:: SUPPLIED ENTRIES ::

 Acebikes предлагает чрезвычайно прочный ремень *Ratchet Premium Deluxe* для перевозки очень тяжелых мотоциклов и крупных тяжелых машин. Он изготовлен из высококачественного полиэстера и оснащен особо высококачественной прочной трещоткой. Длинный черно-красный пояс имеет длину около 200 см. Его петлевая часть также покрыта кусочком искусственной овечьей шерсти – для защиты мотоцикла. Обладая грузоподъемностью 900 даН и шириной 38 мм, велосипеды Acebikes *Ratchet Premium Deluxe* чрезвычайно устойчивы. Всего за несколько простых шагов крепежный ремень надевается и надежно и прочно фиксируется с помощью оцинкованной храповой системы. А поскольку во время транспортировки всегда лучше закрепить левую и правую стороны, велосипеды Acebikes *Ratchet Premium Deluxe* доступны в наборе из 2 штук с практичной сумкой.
* * *
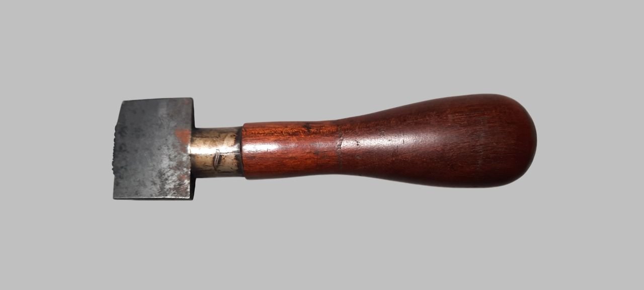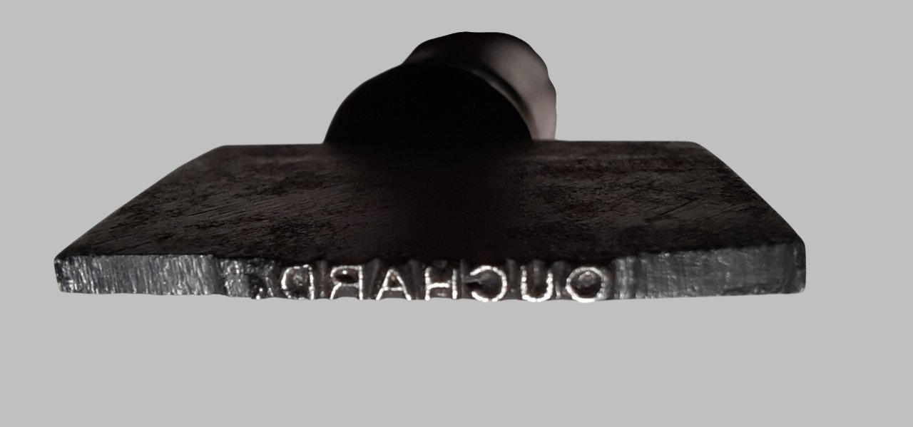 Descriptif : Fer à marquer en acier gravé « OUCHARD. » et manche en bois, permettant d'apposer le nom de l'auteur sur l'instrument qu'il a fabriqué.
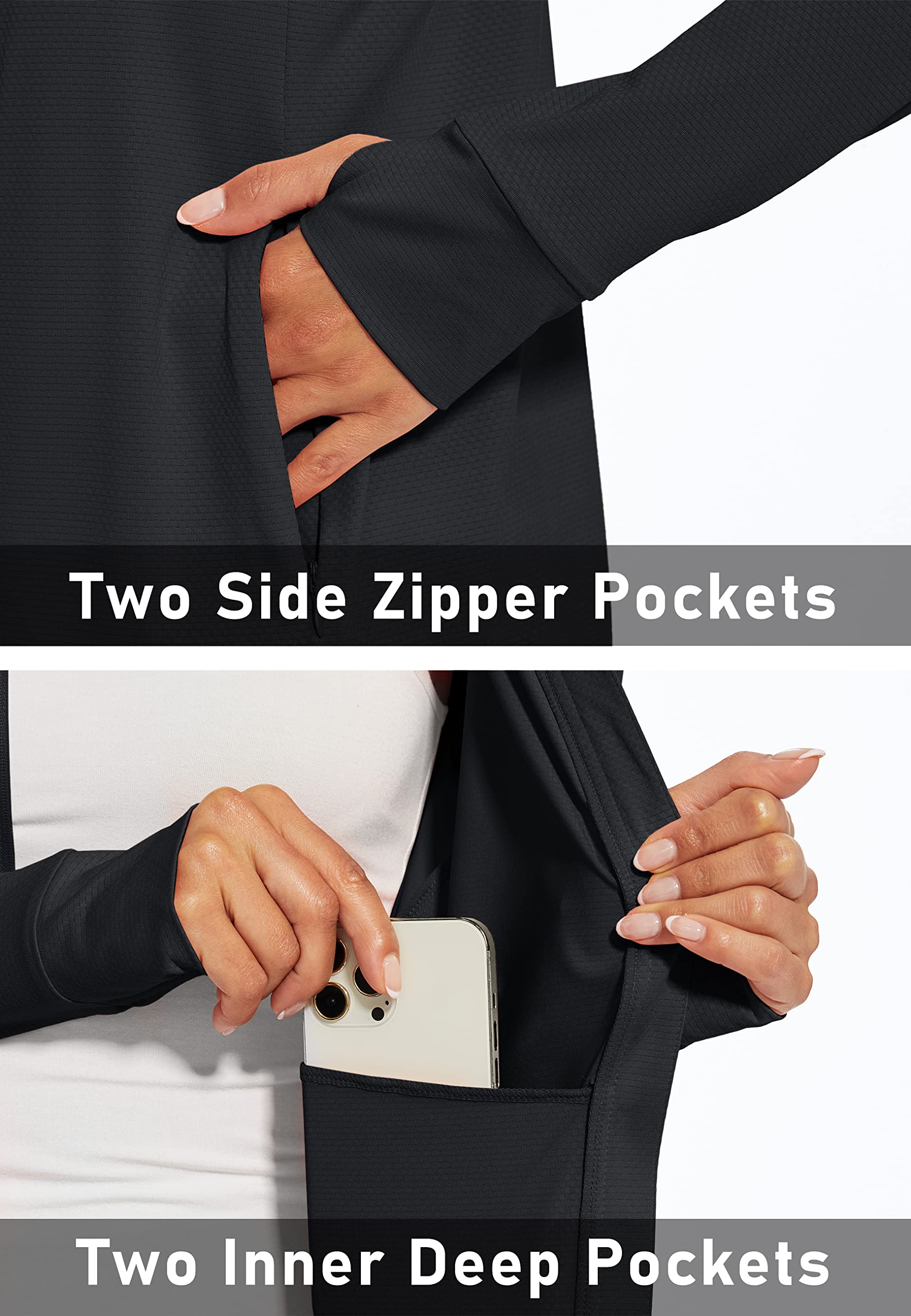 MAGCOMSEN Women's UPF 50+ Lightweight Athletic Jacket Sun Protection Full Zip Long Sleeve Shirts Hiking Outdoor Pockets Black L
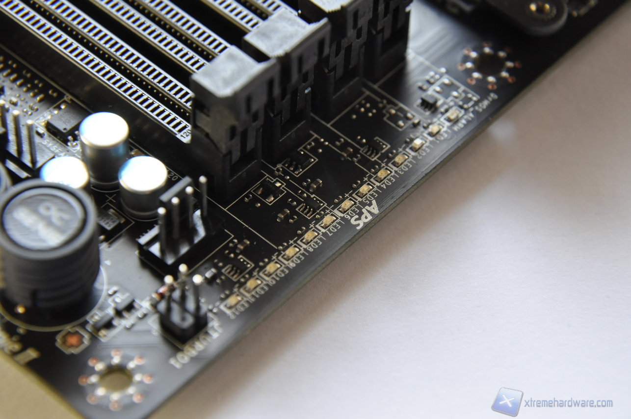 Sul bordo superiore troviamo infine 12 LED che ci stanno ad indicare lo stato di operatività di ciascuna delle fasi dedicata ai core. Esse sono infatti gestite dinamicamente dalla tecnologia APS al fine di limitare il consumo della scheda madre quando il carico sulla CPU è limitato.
---
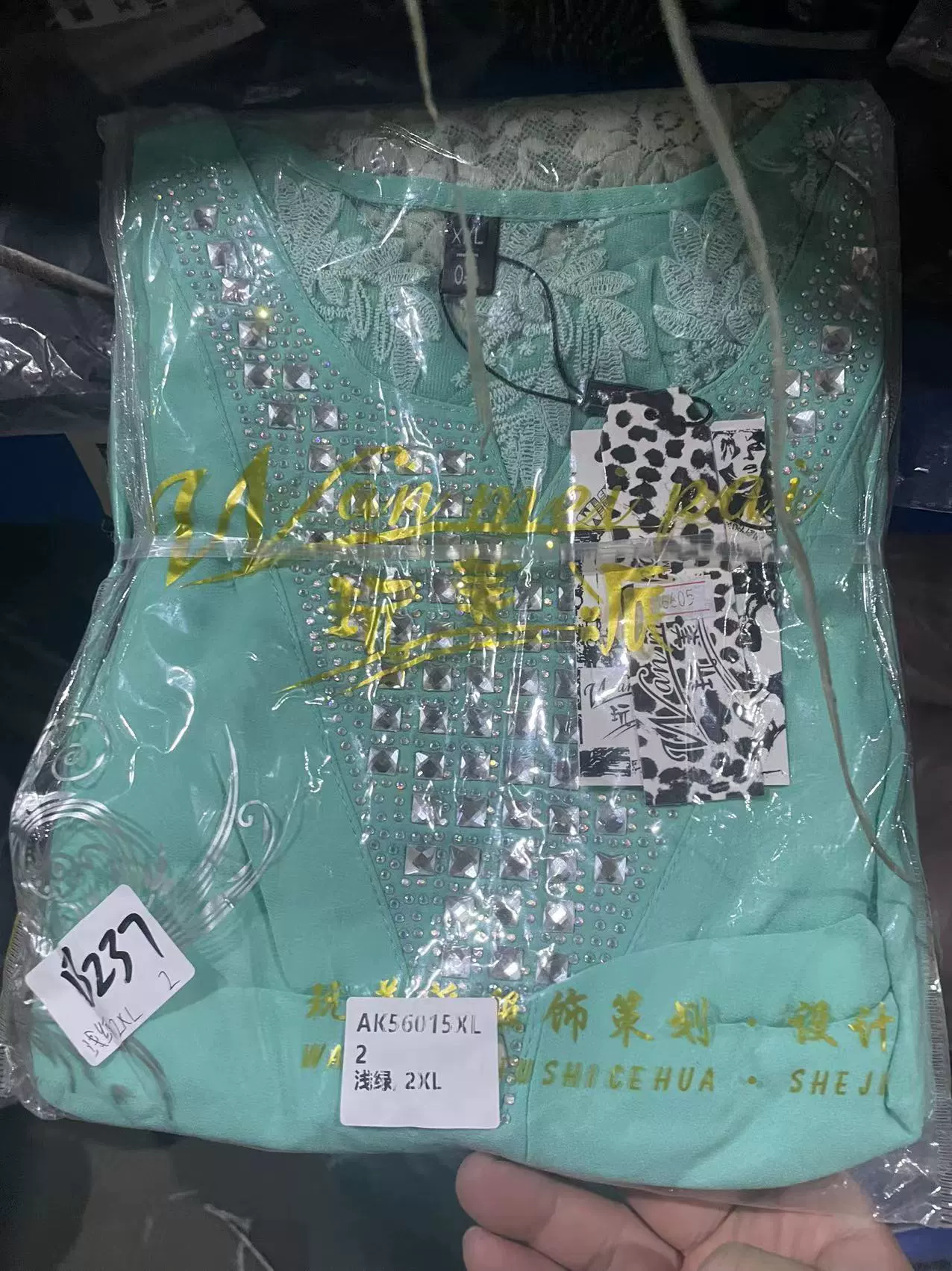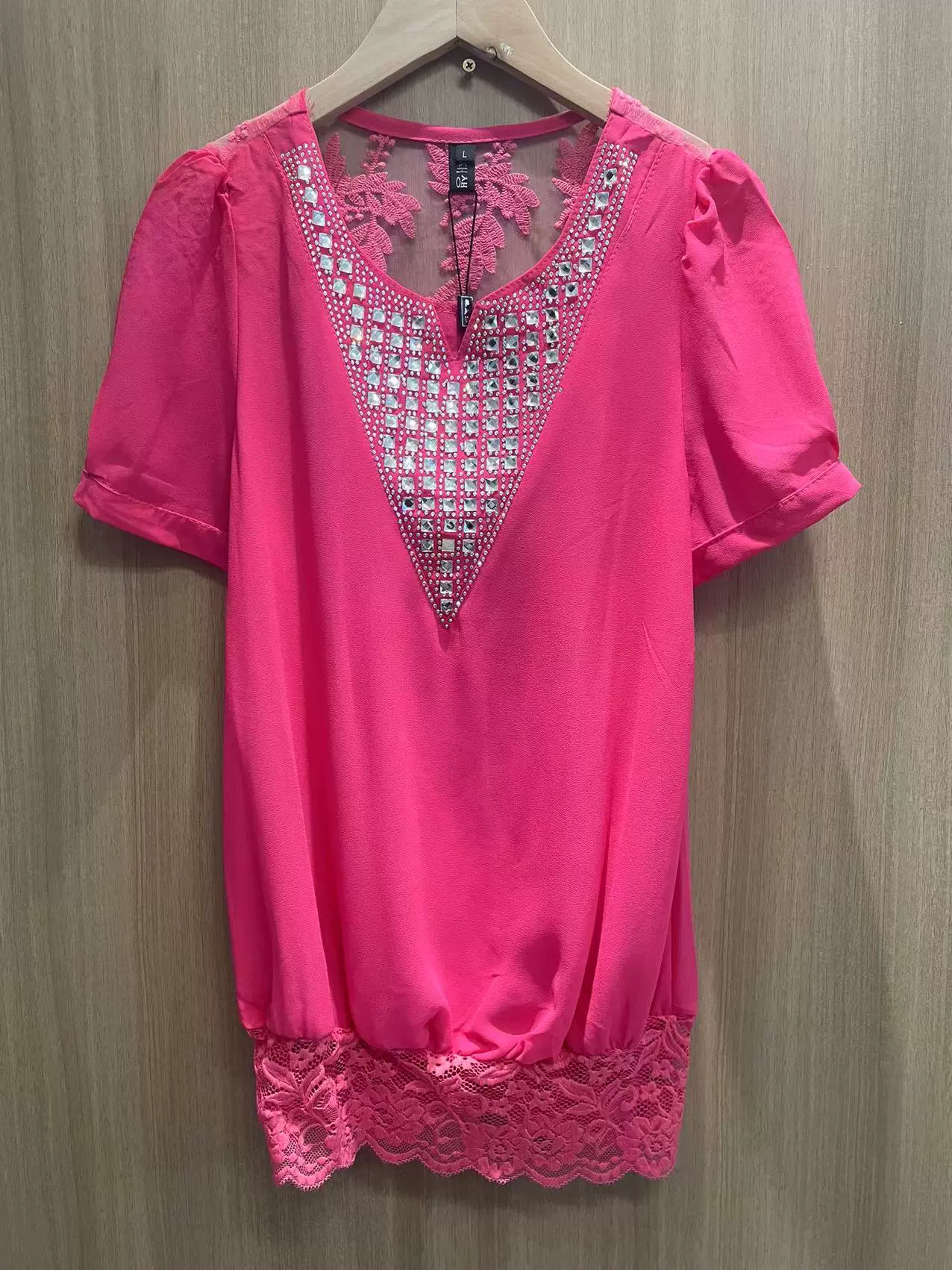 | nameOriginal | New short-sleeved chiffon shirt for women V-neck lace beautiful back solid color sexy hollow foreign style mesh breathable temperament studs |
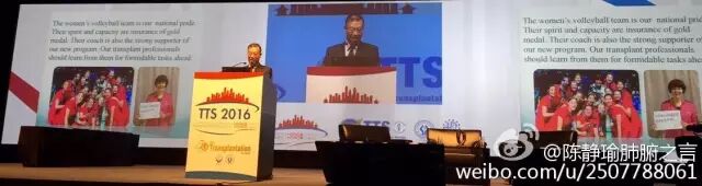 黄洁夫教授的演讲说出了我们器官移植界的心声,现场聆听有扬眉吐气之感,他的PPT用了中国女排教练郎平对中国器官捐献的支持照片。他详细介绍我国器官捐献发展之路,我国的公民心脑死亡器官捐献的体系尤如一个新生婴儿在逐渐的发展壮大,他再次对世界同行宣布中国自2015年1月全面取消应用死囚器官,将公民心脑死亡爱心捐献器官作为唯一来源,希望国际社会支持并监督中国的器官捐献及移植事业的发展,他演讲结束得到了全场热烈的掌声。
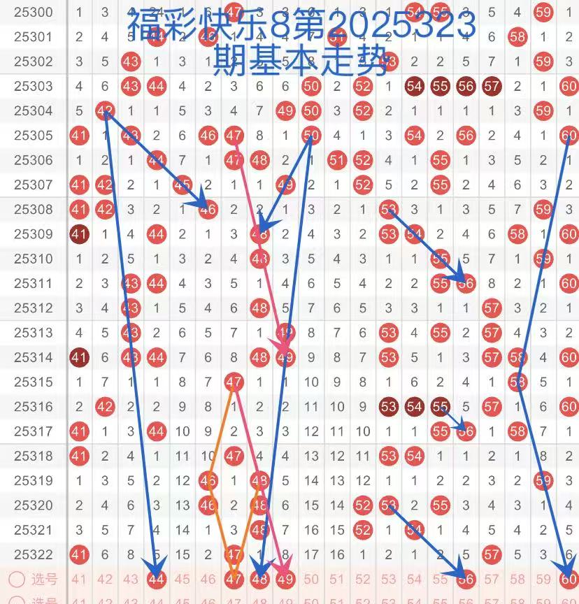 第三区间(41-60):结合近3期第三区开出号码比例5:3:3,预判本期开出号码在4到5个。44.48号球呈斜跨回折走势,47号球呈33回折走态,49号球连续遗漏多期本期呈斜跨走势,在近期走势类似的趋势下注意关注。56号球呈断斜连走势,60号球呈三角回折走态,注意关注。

:: AIM OF THE TASK ::
Only one stretch of the listing is wanted: the lines starting at the one with "黄洁夫教授的演讲说出了我们器" and ending at the one with "第三区间(41-60):结合", copied exactly and free of pictures.

:: FINAL ANSWER ::
 黄洁夫教授的演讲说出了我们器官移植界的心声,现场聆听有扬眉吐气之感,他的PPT用了中国女排教练郎平对中国器官捐献的支持照片。他详细介绍我国器官捐献发展之路,我国的公民心脑死亡器官捐献的体系尤如一个新生婴儿在逐渐的发展壮大,他再次对世界同行宣布中国自2015年1月全面取消应用死囚器官,将公民心脑死亡爱心捐献器官作为唯一来源,希望国际社会支持并监督中国的器官捐献及移植事业的发展,他演讲结束得到了全场热烈的掌声。
 第三区间(41-60):结合近3期第三区开出号码比例5:3:3,预判本期开出号码在4到5个。44.48号球呈斜跨回折走势,47号球呈33回折走态,49号球连续遗漏多期本期呈斜跨走势,在近期走势类似的趋势下注意关注。56号球呈断斜连走势,60号球呈三角回折走态,注意关注。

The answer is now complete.